Dear Abbie - The Non-Advice Podcast

Being Torn Apart — as a Method

September 07, 2022 Abigail L. Rosenthal Season 1 Episode 97
Dear Abbie - The Non-Advice Podcast
Being Torn Apart — as a Method
Show Notes Transcript

Rene Descartes, the reputed “founder of modern philosophy,” held that the most important thing in life and thought – the thing without which nothing of significance can happen – is to have a method.


Abigail L. Rosenthal is Professor Emerita of Philosophy, Brooklyn College of The City University of New York.  She is the author of A Good Look at Evil, a Pulitzer Prize nominee, now appearing in an expanded second edition and as audiobooks.  Dr. Rosenthal writes a weekly column for “Dear Abbie: The Non-Advice Column,”  where she explores the situation of women. She thinks women’s lives are highly interesting. She’s the editor of The Consolations of Philosophy: Hobbes’s Secret; Spinoza’s Way by her father, Henry M. Rosenthal.  She’s written numerous articles that can be accessed at Academia.edu .

Rene Descartes, the reputed “founder of modern philosophy,” held that the most important thing in life and thought – the thing without which nothing of significance can happen – is to have a method. His was to start with the simplest building blocks of thought, whose truth was known intuitively and could not be doubted.   He called them the “clear and distinct ideas” and proposed to build up a system of knowledge from these beginnings, ascending from one level to the next by logical steps.

Despite the way this sounds, he was not a straightforward fellow who lived in the daylight. He kept his wide, seventeenth-century hat brim pulled down and his cloak pulled up. He would fail to greet acquaintances in the street. Judging by the Franz Hals portrait of Descartes, he had a corrugated mouth.
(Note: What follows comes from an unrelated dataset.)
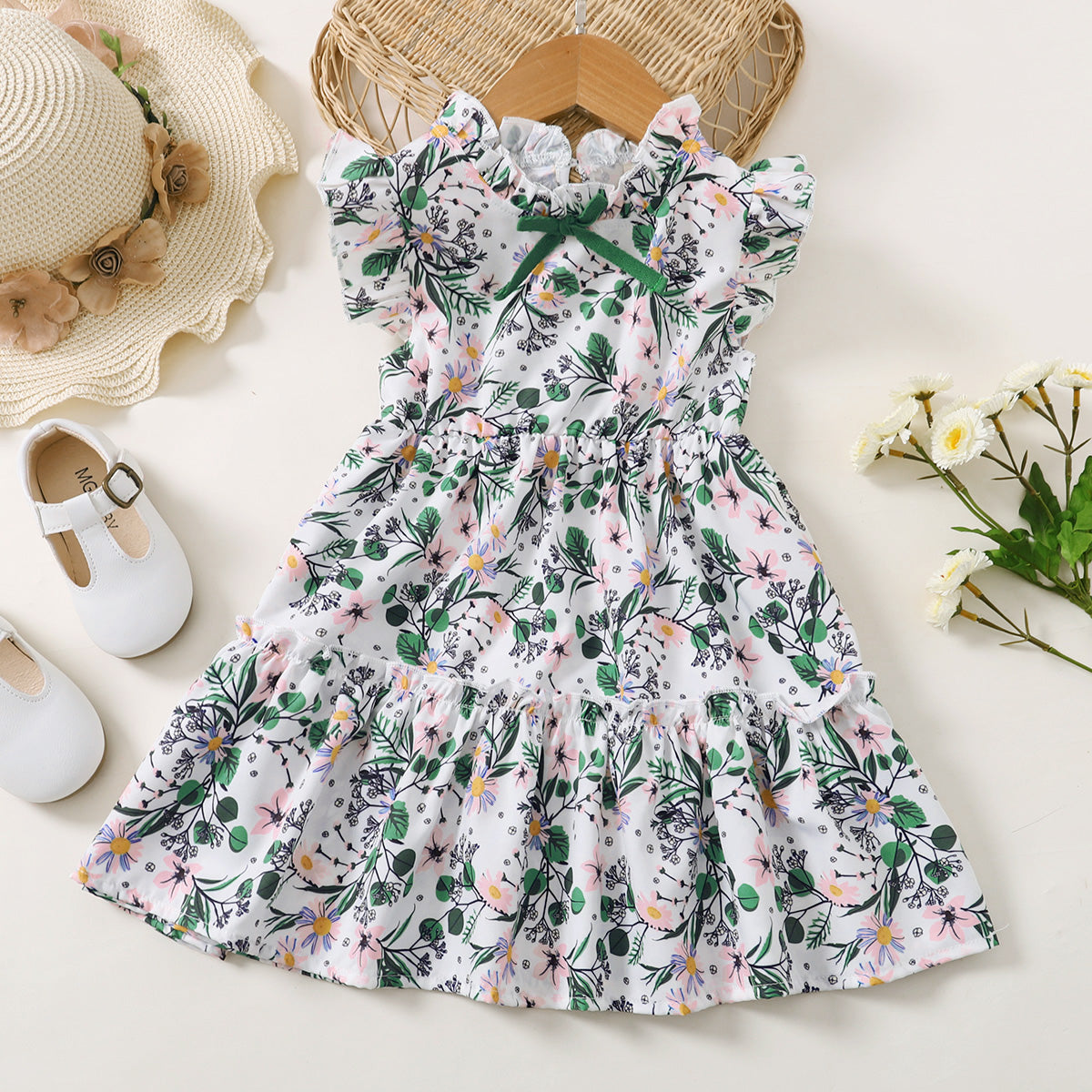Toddler Girls Cute Sweet Rainbow Stripes Bow Knot Decor Cotton Sleeveless Dress Wholesale

You wouldn’t buy a used car from a man with a mouth like that. He changed his residence many times. After Galileo, his great contemporary, was condemned by the Church, he wrote,

  • “Henceforth I will conduct myself like an actor on stage: masked.”

What is the right philosophical method and what is the right life method? Do they — should they — stay wide apart or coincide?

Ever since I thought about it at all, I’ve thought that one’s philosophy and one’s life method should coincide. Unlike Descartes, I don’t espouse a method that starts with self-certifying beliefs, founding on them a rational system that encloses the truth and keeps out error.

I follow Socrates and consider him a friend of mine. He did not begin with simple certitudes but rather with his own deep understanding that he was an ignoramus.   Whereas Descartes hid himself from friend and foe, Socrates was sociable to a fault, engaging his countrymen in a search for truth, whether they asked for it, or felt surprised and undone by it.

Both were politicians of ideas, hoping to upend the thought-world of their time. Descartes addressed his work first of all to the Doctors of the Sorbonne, hoping thereby to persuade the powerful.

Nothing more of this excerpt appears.